• AIM OF THE TASK:
Please make an exact copy of the listing, without the pictures.

• GIVEN MATERIAL:
- - - - - - -

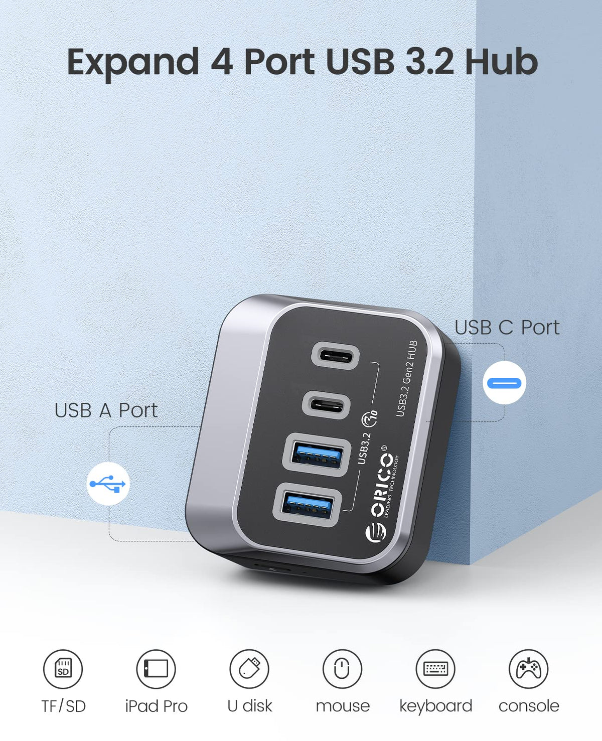 ORICO USB Hub 10Gbps with 2 USB A Ports+2 USB C Ports, USB 3.2 Gen 2 Hub with 1.64Ft USB C Cable and USB A Adapter USB Splitter for iMac, All MacBooks, Mac Mini
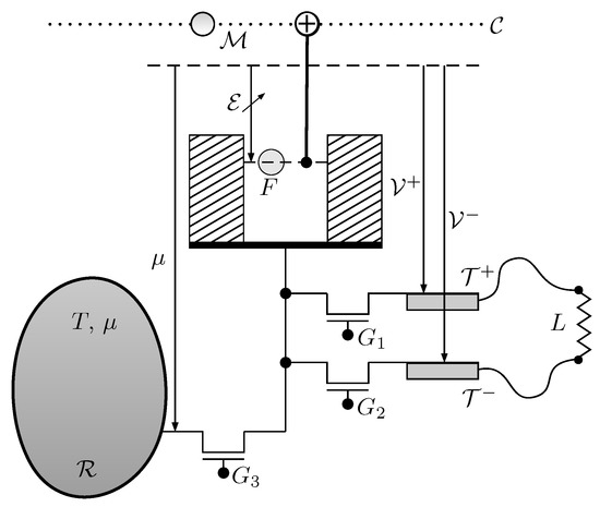 Closely related to our system are some theoretical and experimental papers where electrons are transferred between thermo-chemical reservoirs under the presence of Maxwell’s demons. In Reference [58] electrons are moved against a potential using the entropy generation associated with information erasure in the detector. Reference [59] describes a theoretical model with an autonomous Maxwell’s demon coupled to a Single Electron Transistor (SET), which can extract entropy from the system and dump it into its own thermo-chemical reservoir. This kind of system has been demonstrated [60] in an experimental setup, where the action of the demon was revealed by measuring the cooling of a reservoir connected to the SET and the heating of a reservoir connected to the demon.
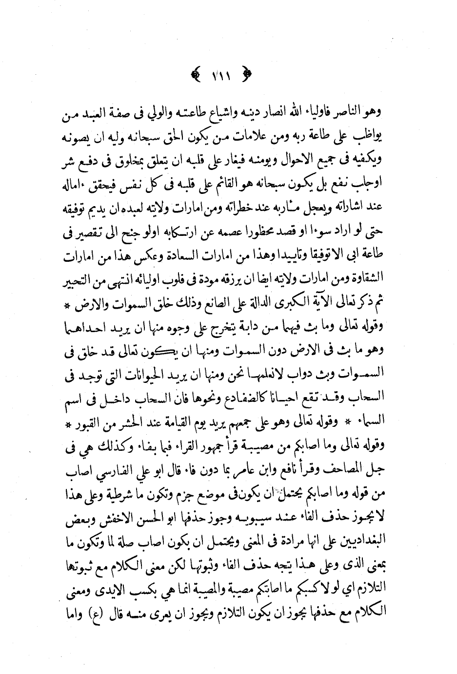وهو الناصر فأولياء الله أنصار دينه وأشياع طاعته والوالي في صفة العبد من يواظب على طاعة ربه ومن علامات من يكون الحق سبحانه وليه أن يصونه ويكفيه في جميع الأحوال ويؤمنه فيغار على قلبه أن يتعلق بمخلوق في دفع شر أو جلب نفع بل يكون سبحانه هو القائم على قلبه في كل نفس فيحقق آماله عند اشاراته ويعجل مآربه عند خطراته ومن أمارات ولايته لعبده أن يديم توفيقه حتى لو أراد سوءا أو قصد محظورا عصمه عن ارتكابه أولوا جنح الى تقصير في طاعة أبى الا توفيقا وتأييدا وهذا من أمارت السعادة وعكس هذا من إمارت الشقاوة ومن أمارات ولايته أيضا أن يرزقه مودة في قلوب أوليائه انتهى من التحبير ثم ذكر تعالى الآية الكبرى الدالة على الصانع وذلك خلق السماوات والأرض وقوله تعالى وما بث فيهما من دابة يتخرج على وجوه منها أن يريد أحدهما وهو ما بث في الأرض دون السموات ومنها أن يكون تعالى قد خلق في السماوات وبث دواب لا نعلمها نحن ومنها أن يريد الحيوانات التي توجد في السحاب وقد تقع أحيانا كالضفادع ونحوها فان السحاب داخل في اسم السماء وقوله تعالى وهو على جمعهم يريد يوم القيامة عند الحشر من القبور وقوله تعالى وما اصابكم من مصيبة قرأ جمهور القراء فبما بفاء وكذلك هي في جل المصاحف وقرأ نافع وابن عامر بما دون فاء قال أبو علي الفارسي أصاب من قوله وما أصابكم يحتمل أن يكون في موضع جزم وتكون ما شرطية وعلى هذا لا يجوز حذف الفاء عند سيبويه وجوز حذفها ابو الحسن الأخفش وبعض البغداديين على أنها مرادة في المعنى ويحتمل أن يكون أصاب صلة لما وتكون ما بمعنى الذي وعلى هذا يتجه حذف الفاء وثبوتها لكن معنى الكلام مع ثبوتها التلازم أي لولا كسبكم ما أصابتكم مصيبة والمصيبة انما هي بكسب الأيدي ومعنى الكلام مع حذفها يجوز أن يكون التلازم ويجوز أن يعرى منه قال ع وأما
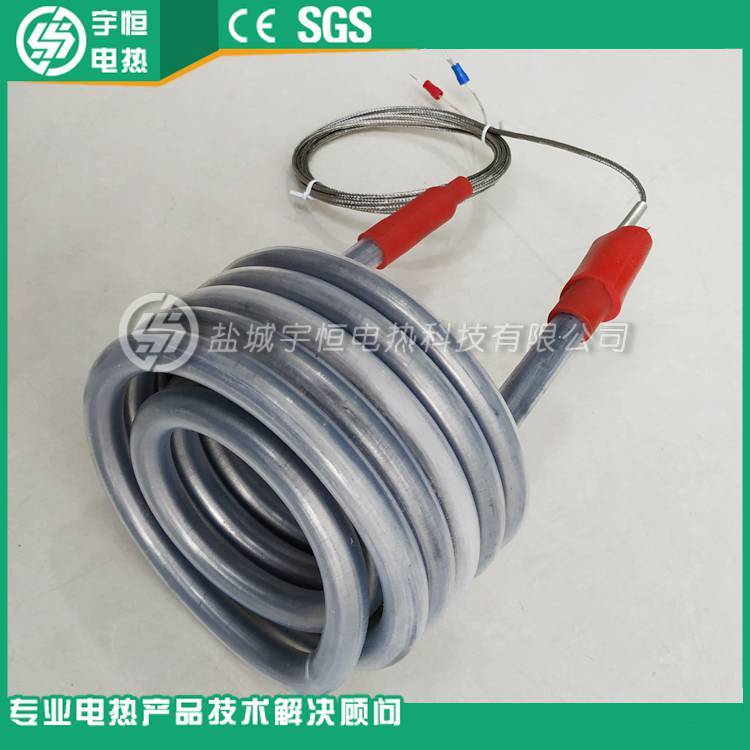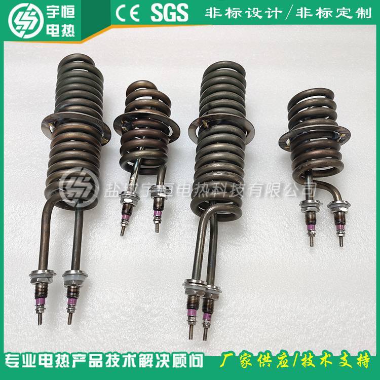 管状电热元件由金属管、螺旋状电阻丝及导热性好、绝缘性好的结晶氧化镁粉等组成。可以对系统进行加热的产品。电加热管选用优质国产厚壁无缝不锈钢管、美国进口高温氧化镁粉及封口材料,使电热管耐温达900℃,电热管在暂时脱水状态下干烧不会损坏;并采用气氛保护发黑网带炉经1060℃高温渗氮处理工艺,提高了电热管的耐高温和耐腐性,确保使用寿命 。加热管是在无缝金属管内(碳钢管、钛管、不锈钢管、铜管)装入电热丝,空隙部分填满有良好导热性和绝缘性的氧化镁粉后缩管而成,再加工成用户所需要的各种型状。它具有结构简单,热效率高,机械强度好,对恶劣的环境有良好的适应性。它可用于各种液体和酸碱盐的加热,同时也适应低溶点的金属加热溶化(铅、锌、锡、巴氏合金)

- - - - - - -

• ANSWER BELOW:
 ORICO USB Hub 10Gbps with 2 USB A Ports+2 USB C Ports, USB 3.2 Gen 2 Hub with 1.64Ft USB C Cable and USB A Adapter USB Splitter for iMac, All MacBooks, Mac Mini
 Closely related to our system are some theoretical and experimental papers where electrons are transferred between thermo-chemical reservoirs under the presence of Maxwell’s demons. In Reference [58] electrons are moved against a potential using the entropy generation associated with information erasure in the detector. Reference [59] describes a theoretical model with an autonomous Maxwell’s demon coupled to a Single Electron Transistor (SET), which can extract entropy from the system and dump it into its own thermo-chemical reservoir. This kind of system has been demonstrated [60] in an experimental setup, where the action of the demon was revealed by measuring the cooling of a reservoir connected to the SET and the heating of a reservoir connected to the demon.
وهو الناصر فأولياء الله أنصار دينه وأشياع طاعته والوالي في صفة العبد من يواظب على طاعة ربه ومن علامات من يكون الحق سبحانه وليه أن يصونه ويكفيه في جميع الأحوال ويؤمنه فيغار على قلبه أن يتعلق بمخلوق في دفع شر أو جلب نفع بل يكون سبحانه هو القائم على قلبه في كل نفس فيحقق آماله عند اشاراته ويعجل مآربه عند خطراته ومن أمارات ولايته لعبده أن يديم توفيقه حتى لو أراد سوءا أو قصد محظورا عصمه عن ارتكابه أولوا جنح الى تقصير في طاعة أبى الا توفيقا وتأييدا وهذا من أمارت السعادة وعكس هذا من إمارت الشقاوة ومن أمارات ولايته أيضا أن يرزقه مودة في قلوب أوليائه انتهى من التحبير ثم ذكر تعالى الآية الكبرى الدالة على الصانع وذلك خلق السماوات والأرض وقوله تعالى وما بث فيهما من دابة يتخرج على وجوه منها أن يريد أحدهما وهو ما بث في الأرض دون السموات ومنها أن يكون تعالى قد خلق في السماوات وبث دواب لا نعلمها نحن ومنها أن يريد الحيوانات التي توجد في السحاب وقد تقع أحيانا كالضفادع ونحوها فان السحاب داخل في اسم السماء وقوله تعالى وهو على جمعهم يريد يوم القيامة عند الحشر من القبور وقوله تعالى وما اصابكم من مصيبة قرأ جمهور القراء فبما بفاء وكذلك هي في جل المصاحف وقرأ نافع وابن عامر بما دون فاء قال أبو علي الفارسي أصاب من قوله وما أصابكم يحتمل أن يكون في موضع جزم وتكون ما شرطية وعلى هذا لا يجوز حذف الفاء عند سيبويه وجوز حذفها ابو الحسن الأخفش وبعض البغداديين على أنها مرادة في المعنى ويحتمل أن يكون أصاب صلة لما وتكون ما بمعنى الذي وعلى هذا يتجه حذف الفاء وثبوتها لكن معنى الكلام مع ثبوتها التلازم أي لولا كسبكم ما أصابتكم مصيبة والمصيبة انما هي بكسب الأيدي ومعنى الكلام مع حذفها يجوز أن يكون التلازم ويجوز أن يعرى منه قال ع وأما
 管状电热元件由金属管、螺旋状电阻丝及导热性好、绝缘性好的结晶氧化镁粉等组成。可以对系统进行加热的产品。电加热管选用优质国产厚壁无缝不锈钢管、美国进口高温氧化镁粉及封口材料,使电热管耐温达900℃,电热管在暂时脱水状态下干烧不会损坏;并采用气氛保护发黑网带炉经1060℃高温渗氮处理工艺,提高了电热管的耐高温和耐腐性,确保使用寿命 。加热管是在无缝金属管内(碳钢管、钛管、不锈钢管、铜管)装入电热丝,空隙部分填满有良好导热性和绝缘性的氧化镁粉后缩管而成,再加工成用户所需要的各种型状。它具有结构简单,热效率高,机械强度好,对恶劣的环境有良好的适应性。它可用于各种液体和酸碱盐的加热,同时也适应低溶点的金属加热溶化(铅、锌、锡、巴氏合金)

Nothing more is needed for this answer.